= Trans-Border Institute =

| Trans-Border Institute Logo. |
| Trans-Border Migration and Development Conference. |

The Trans-Border Institute (TBI) was founded in 1994 at the University of San Diego (USD) to promote scholarship, studies, research, and activities related to Mexico and the United States-Mexico border, and to encourage an active role for the University in the cross-border community. It is a part of the Joan B. Kroc School of Peace Studies.

TBI promotes sustainable peace in Mexico and the border region, through applied research, innovative pedagogy, and cross-border partnerships. For twenty years, TBI has been a leading source of information and outreach on pressing border issues and the broader relationship between Mexico and the United States. TBI has published widely cited survey data and reports on police reform, arms trafficking, and immigration enforcement.

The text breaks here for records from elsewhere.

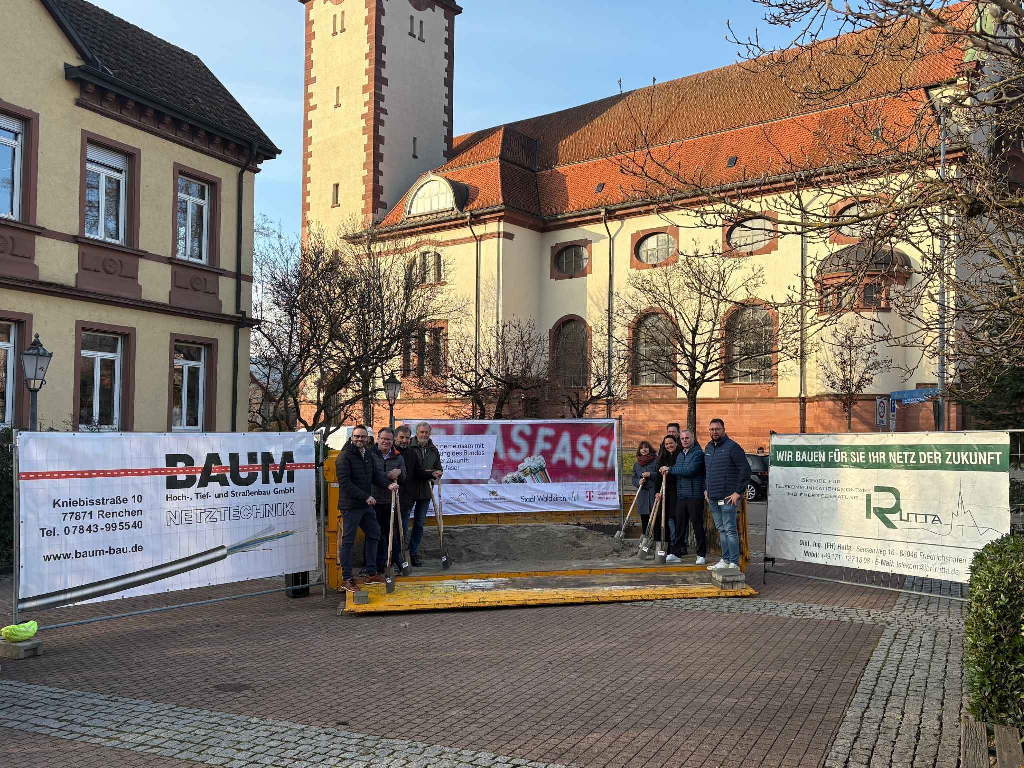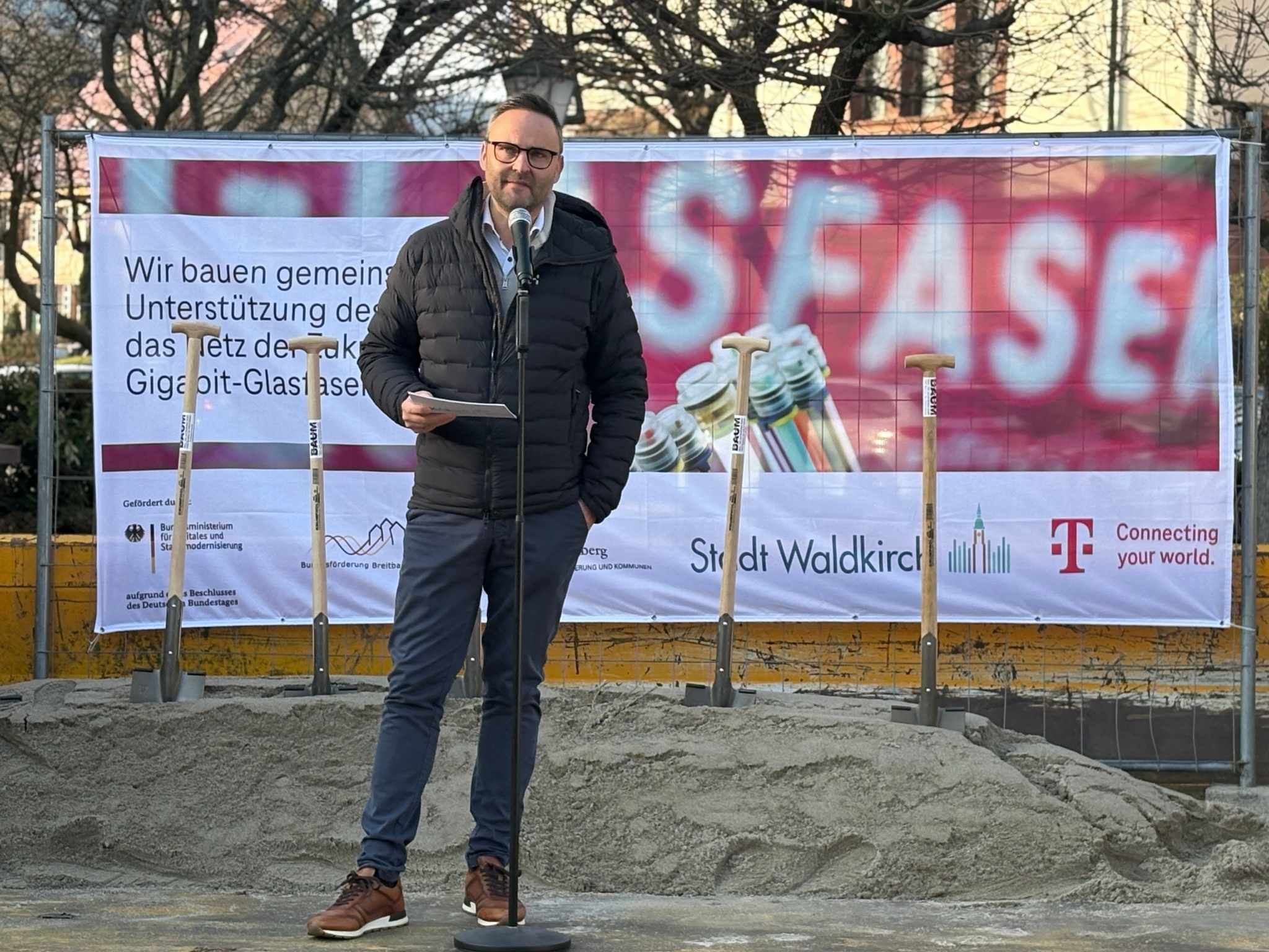 Mit dem Spatenstich am 3. Dezember 2025 hat der Breitband-Ausbau in Waldkirch begonnen. Der Ausbau findet in den zwei Projekten „Graue Flecken“ (für Haushalte) und „Weiße Flecken“ (für Schulen) statt. Der Bau hat in beiden Projekten bereits begonnen. Im Projekt „Weiße Flecken“ hat der Ausbau an der Freien Schule Elztal in Kollnau begonnen. Dort ist der Ausbau bereits abgeschlossen und die Schule an das Breitband angeschlossen. Im Projekt „Graue Flecken“ hat der Ausbau ebenfalls in Kollnau begonnen. Dort sind die ersten zwei Straßen bereits fertig.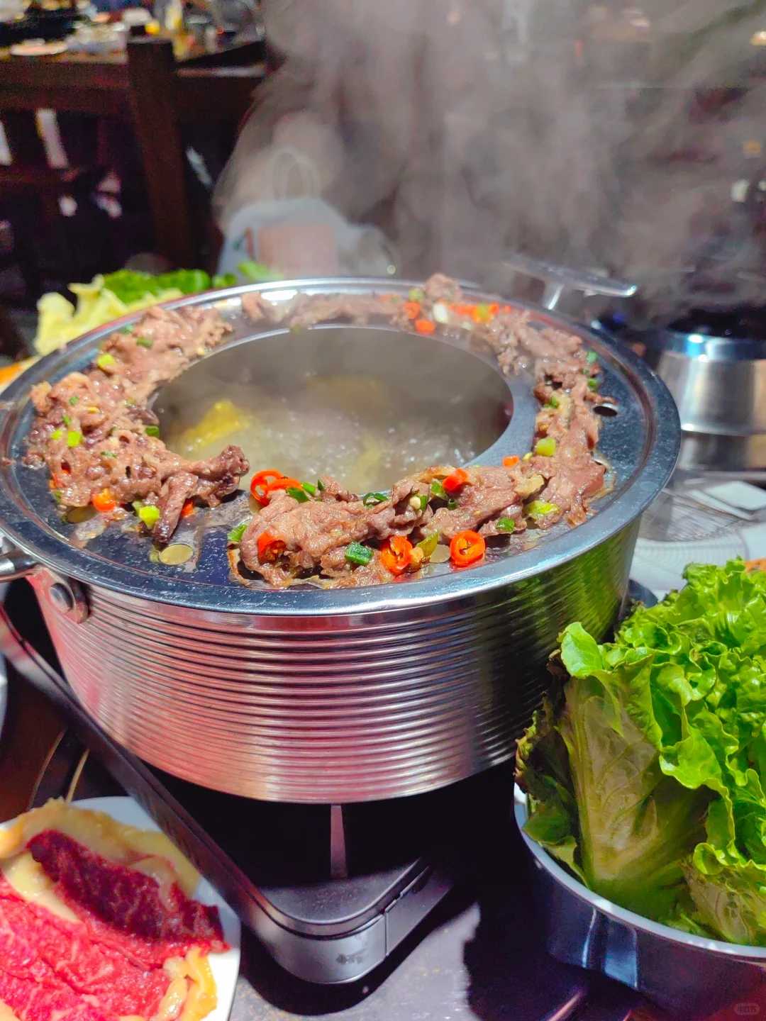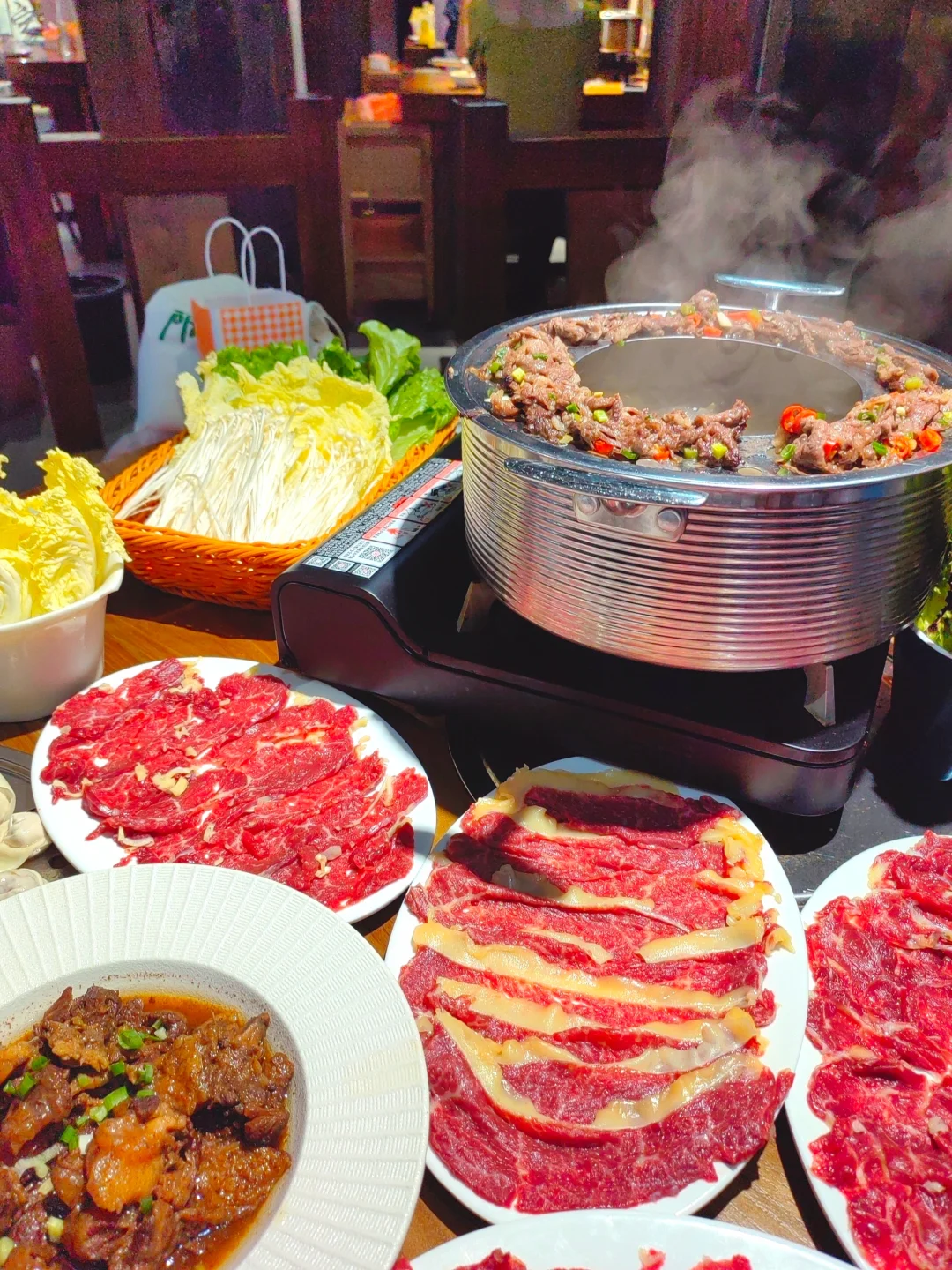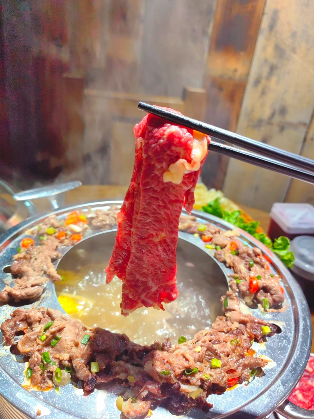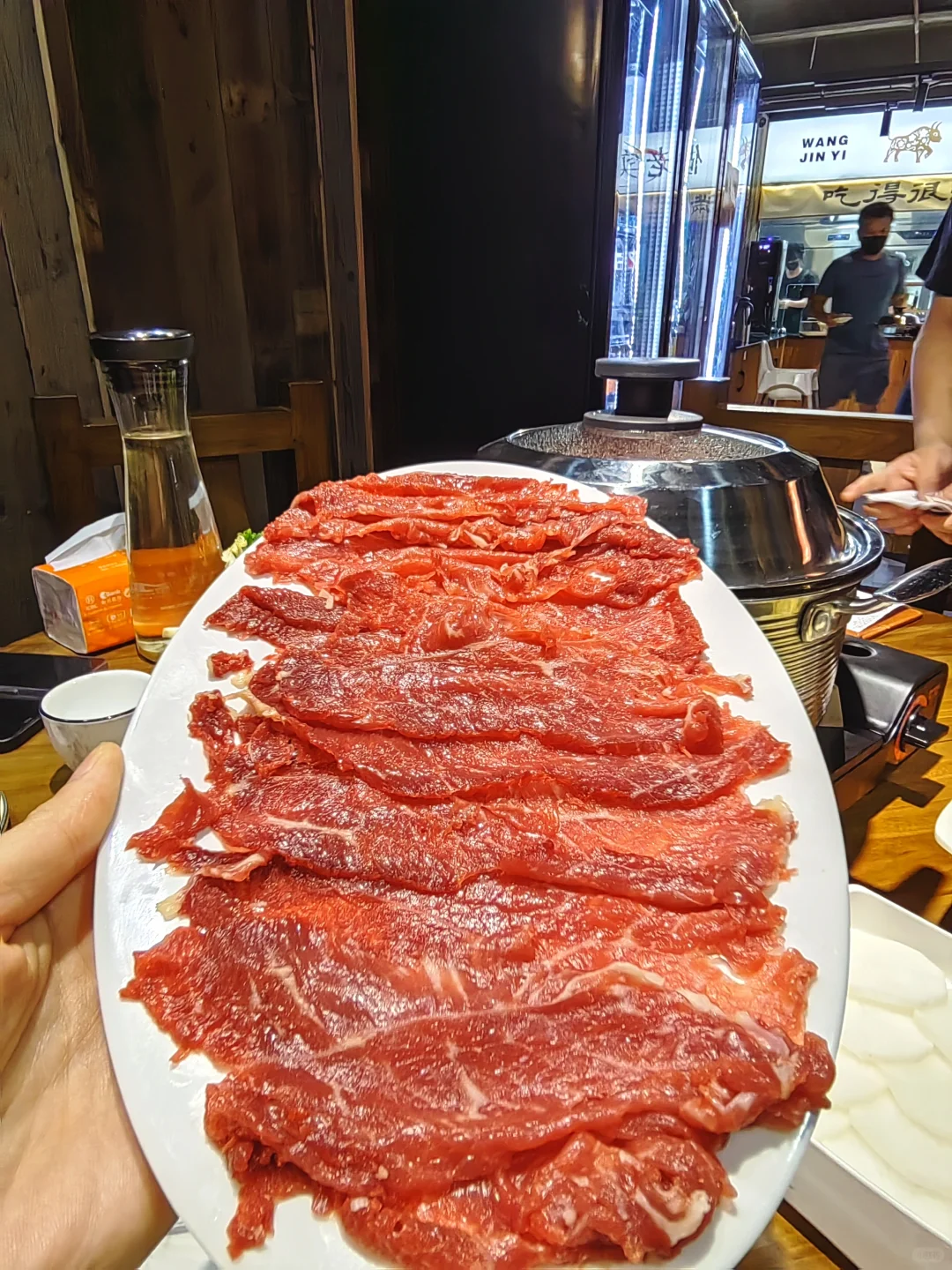 牛肉汤端上来的时候,香气扑鼻,牛肉在锅里8-10秒,拿起来看着就馋,我妈们吃了一盘又一盘。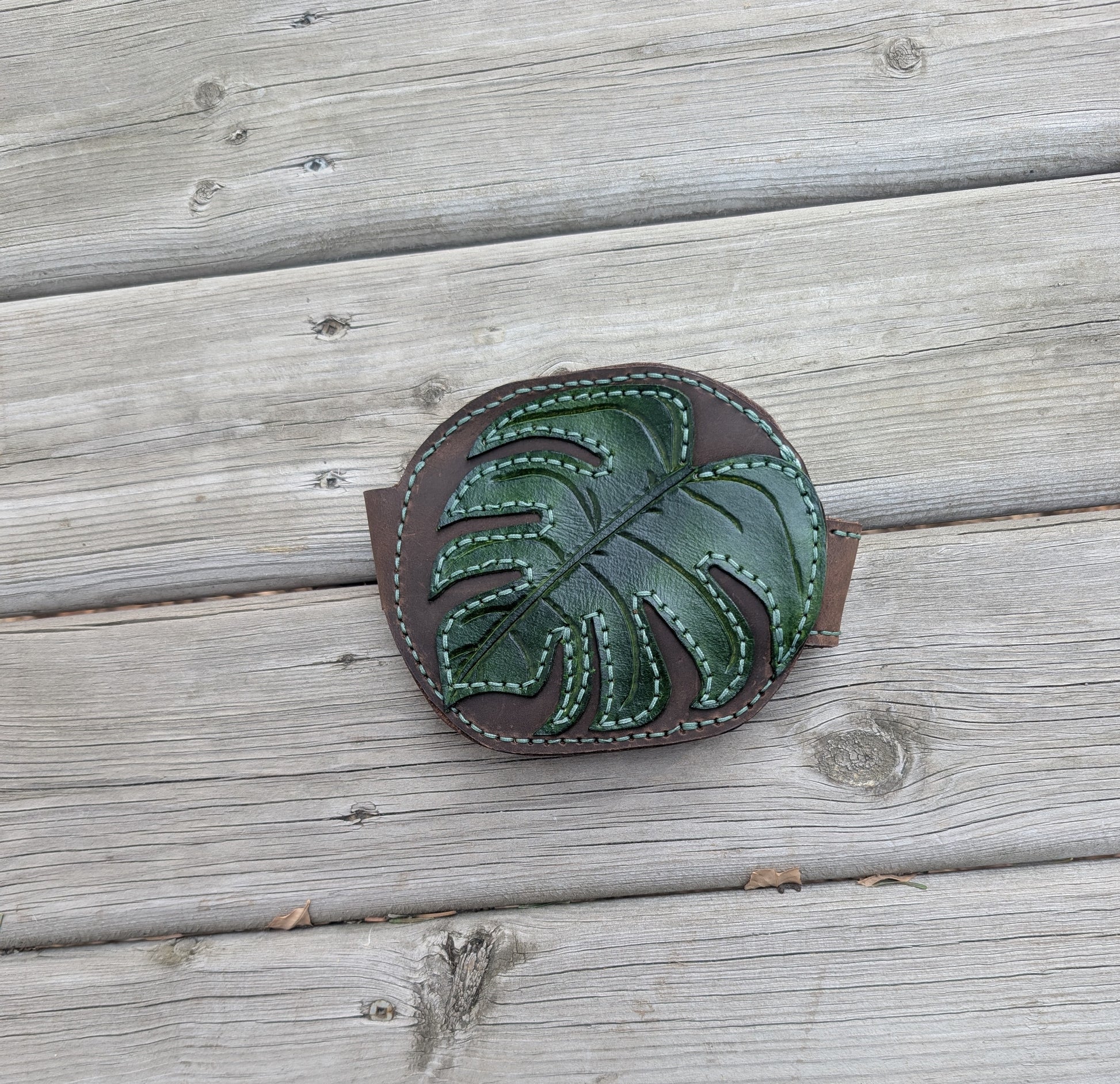 Handmade Full Grain Leather Monstera Wallet (Brown Version)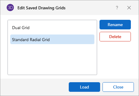 The ‘Load Grid’ feature lets you recall a saved drawing grid. See Recall a Drawing Grid for more information. |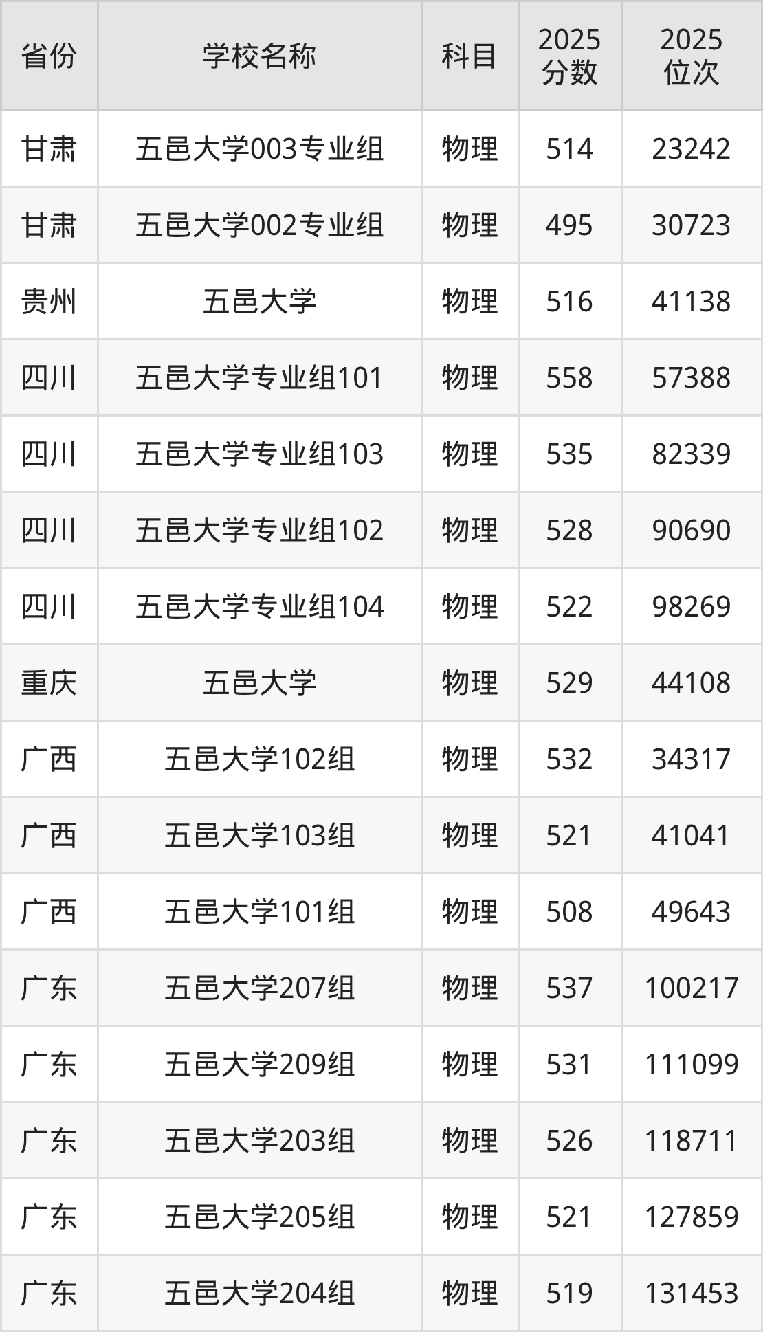 五邑大学2025年有11个专业组面向广东省内首选了物理科目的考生招生: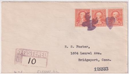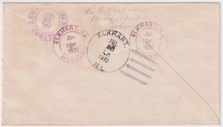 US Elkhart, Illinois 1932 (Jul 26) Registered cover to R.S. Foster with 711 x 3 tied by one strike of Elk and Heart fancy cancel 313 in purple.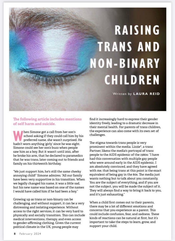 In one section of the magazine, parents are warned that their support on such matters “can determine their child’s mental wellbeing,” quoting statistics from Stonewall claiming that the number of trans children attempting suicide is “double the national average”.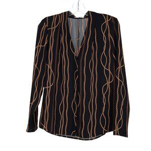 Aritzia Babaton Button Front Power Blouse Black Gold Women's Small NWT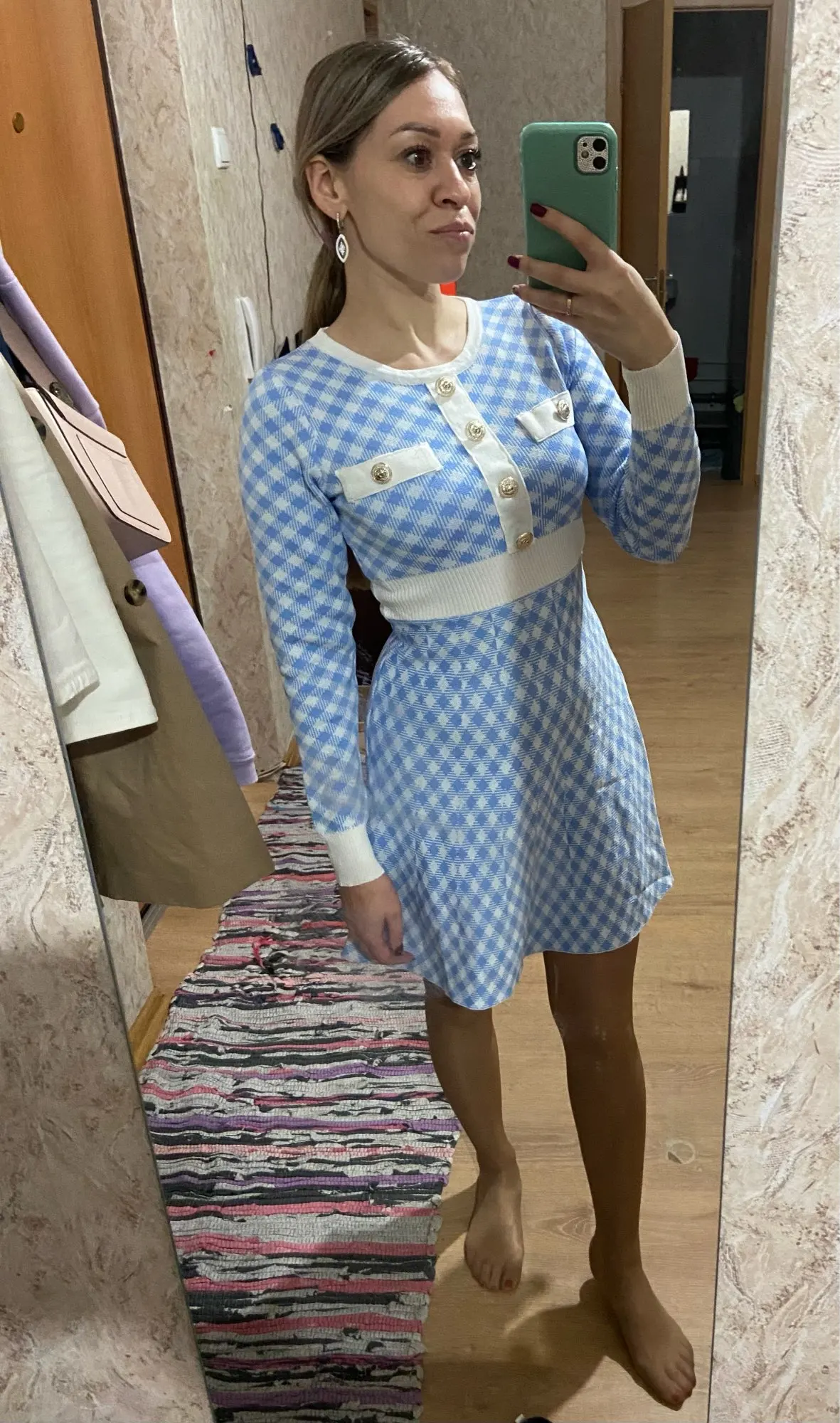 Robe pull tricotée à boutons pour femmes, mode coréenne, Vintage, Plaid, bleu, noir, Mini, printemps, 2022
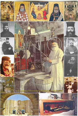 Central photograph of St. Philoumenos the New Righteous Hieromartyr, the Cypriot, at Jacob’s Well where Christ spoke with St. Photini. Surrounding are other pictures and icons of St. Philoumenos and associated scenes. He was martyred on November 16th/29th 1979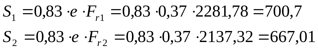 Находим осевые составляющие от радиальных сил, действующих на каждый из подшипников вала: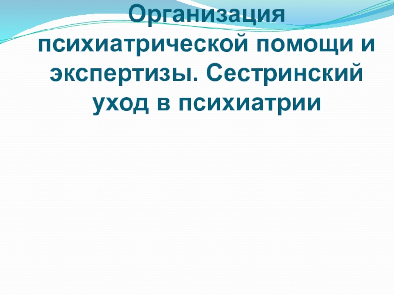 Организация психиатрической помощи и экспертизы. Сестринский уход в психиатрии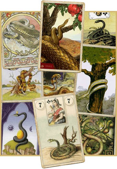 Карта «Змея» в оракуле Ленорман вызывает неоднозначные ассоциации. Она может олицетворять как мудрость и рассудительность, так и коварство, обман или искушение.

==Activities and projects==
TBI has a number of research, teaching, and peacebuilding programs both in the border region and beyond:
- TBI's Peacebuilding seminars offer interactive educational and capacity building programs in the areas of Mexico hardest hit by the drug war and the dislocations of the border. Our seminars and certificate programs are designed to cultivate the next generation of peacebuilders in Mexico and the border region by leveraging existing institutional strengths against the most pressing peace and justice issues.
- The Freedom of Expression Project translates and distributes the work of at-risk journalists to an international audience so that everyone gains a clearer picture of a region in crisis. The project also issues periodic findings on violence against reporters and media censorship, interviewing journalists directly about their experiences when they're able to speak out.
- Since 2007, TBI has hosted Border Film Week, an annual documentary film festival. Border Film Week gives students, educators, and the greater community an up close look at the people and culture of the Americas, adding diverse voices and faces to our conventional research methods.
- TBI's Trans-Border Opportunities summer certificate program is a new academic offering designed to help working professionals, students and aspiring civic leaders in San Diego gain the knowledge and tools they need to engage with the border region. Tapping TBI's network and expertise, the certificate not only gives participants hard facts and reliable data about the border, but also allows them to interact with leading regional policymakers, stakeholders, and experts who provide firsthand testimony about those opportunities.
Each year TBI also sponsors conferences, speakers and other events to bring attention to key border issues and US-Mexico relations.

==History==
The Trans-Border Institute was founded in fall 1994. David Shirk was director of the Institute until 2013. He was succeeded by Everard Meade.